А потом, как разряд тока, она слышит слова в голове: «Катабасис для масс». Черт, вторую часть она не сразу поняла. Катабасис, да, вопросов нет. Но это не для масс. Неужели в представлении Лённрота все должны отправиться в дорогу через смерть? Может, следует ждать газовой атаки? Орфей вернулся, но без Эвридики: может, кто-то нацелился на две X-хромосомы? Или просто грубо — погибнет строго половина?

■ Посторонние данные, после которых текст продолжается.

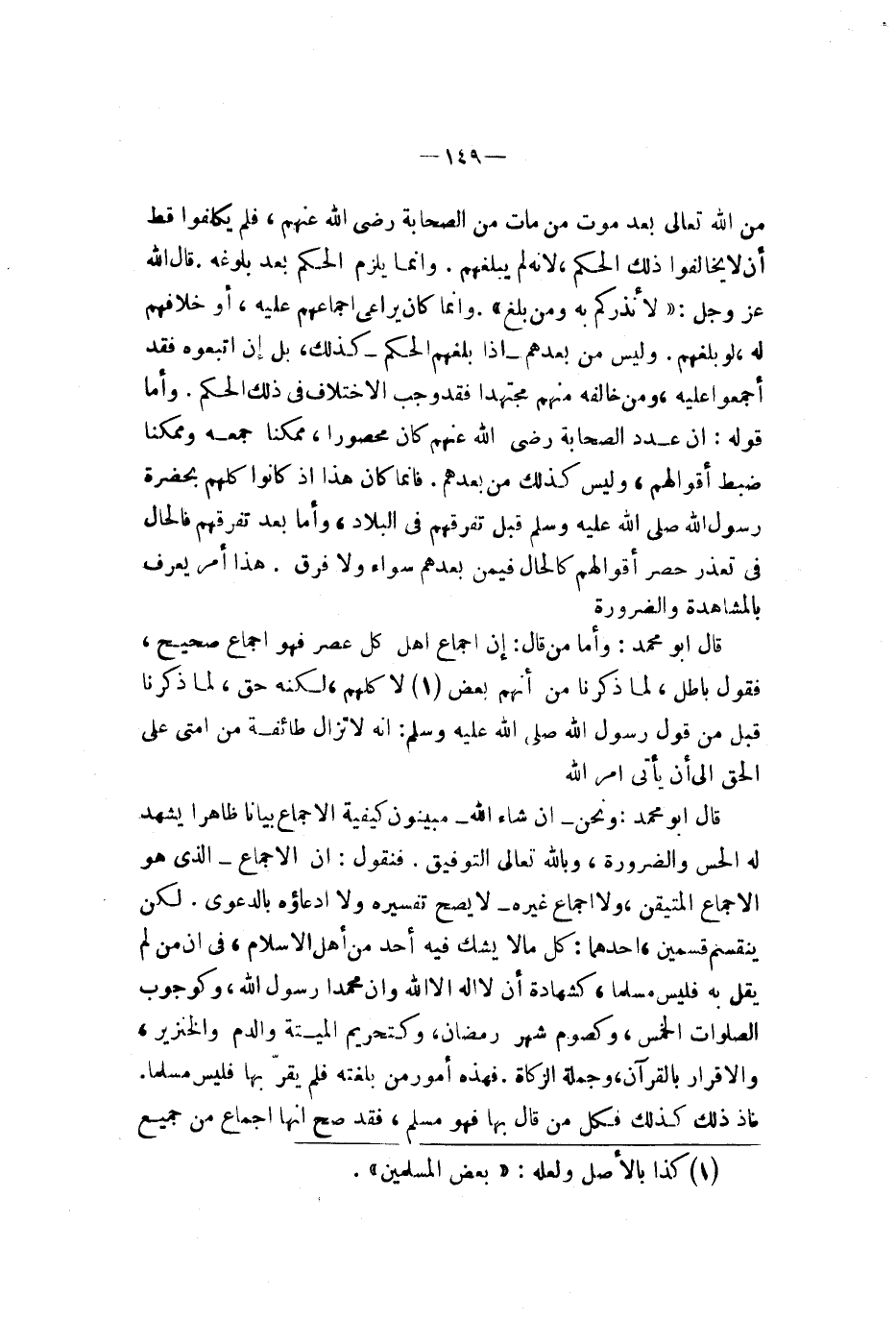 من الله تعالى بعد موت من مات من الصحابة رضي الله عنهم فلم يكلفوا قط ألا يخالفوا ذلك الحكم لأنه لم يبلغهم وإنما يلزمهم الحكم بعد بلوغه قال عز وجل {قل أي شيء أكبر شهادة قل لله شهيد بيني وبينكم وأوحي إلي هذا لقرآن لأنذركم به ومن بلغ أئنكم لتشهدون أن مع لله آلهة أخرى قل لا أشهد قل إنما هو إله واحد وإنني بريء مما تشركون} وإنما كان يراعي إجماعهم عليه أو خلافهم له لو بلغهم وليس من بعدهم إذا بلغ الحكم كذلك بل إن اتبعوه لقد أجمعهم عليه ومن خالفه منهم مجتهدا فقد وجب الاختلاف في ذلك الحكم وأما قوله إن عدد الصحابة رضي الله عنهم كان محصورا ممكنا جمعه وممكنا ضبط أقوالهم وليس كذلك من بعدهم فإنما كان هذا إذا كانوا كلهم بحضرة رسول الله صلى الله عليه وسلم قبل تفرقهم في البلاد وأما بعد تفرقهم فالحال في تعذر حصر أقوالهم كالحال فيمن بعدهم سواء ولا فرق هذا أمر يعرف بالمشاهدة والضرورة قال أبو محمد وأما من قال إن إجماع أهل كل عصر فهو إجماع كل صحيح فقول الباطل لما ذكرنا من أنهم بعض المسلمين لا كلهم لكنه حق لما ذكرنا قبل من قول رسول الله صلى الله عليه وسلم إنه لا تزال طائفة من أمتي على الحق إلى أن يأتي أمر الله قال أبو محمد ونحن إن شاء الله مبينون كيفية الإجماع بيانا ظاهرا يشهد له الحس والضرورة وبالله تعالى التوفيق فنقول إن الإجماع الذي هو الإجماع المتيقن ولا إجماع غيره لا يصح تفسيره ولا ادعاؤه بالدعوى لكن ينقسم قسمين أحدهما كل ما لا يشك فيه أحد من أهل الإسلام في أن من لم يقل به فليس مسلما كشهادة أن لا إله إلا الله وأن محمدا رسول الله وكوجوب الصلوات الخمس وكصوم شهر رمضان وكتحريم الميتة والدم والخنزير والإقرار بالقرآن وجملة الزكاة فهذه أمور من بلغته فلم يقر بها فليس مسلما فإذا ذلك كذلك فكل من قال بها فهو مسلم فقد صح أنها إجماع من جميع

Нет. Она в это не верит. Нейт приказывает Свидетелю перейти в режим максимальной чувствительности к следам биологического, химического и радиологического оружия, переводит всю сеть в состояние повышенной готовности к терактам, но признает, что делает это из предосторожности, и тут же отправляет запрос на рассмотрение в отдел противодействия терроризму. Узел в животе ослабевает, сердцебиение замедляется. Нет, такой терроризм — это не похоже на Диану Хантер. Не похоже на Лённрота. Она пришла бы в ужас от мысли о массовых убийствах, а ему эта мысль показалась бы скучной.
Мы все вместе отправляемся в странствие по подземному миру, а Смит — наш провожатый. Кондуктор. Перевозчик. Верно?
Для Дианы точно.
Тогда — что за странствие? С гнетущим чувством Нейт оглядывается на Хинде, потом снова смотрит на раны. Можно ли их вообще назвать ранами, если в каждом куске больше раны, чем трупа? Смит не ранен: к его ранам кое-где пристали останки Смита.
Она косится на Хинде, та хмурится: не отвлекай меня.
Нейт запрашивает у Свидетеля вероятную причину смерти, подозревая, что услышит, и надеясь ошибиться.
— Нападение акулы, — говорит Свидетель, — в сорока двух милях от побережья, — затем добавляет почти сконфуженно: — Аномалия.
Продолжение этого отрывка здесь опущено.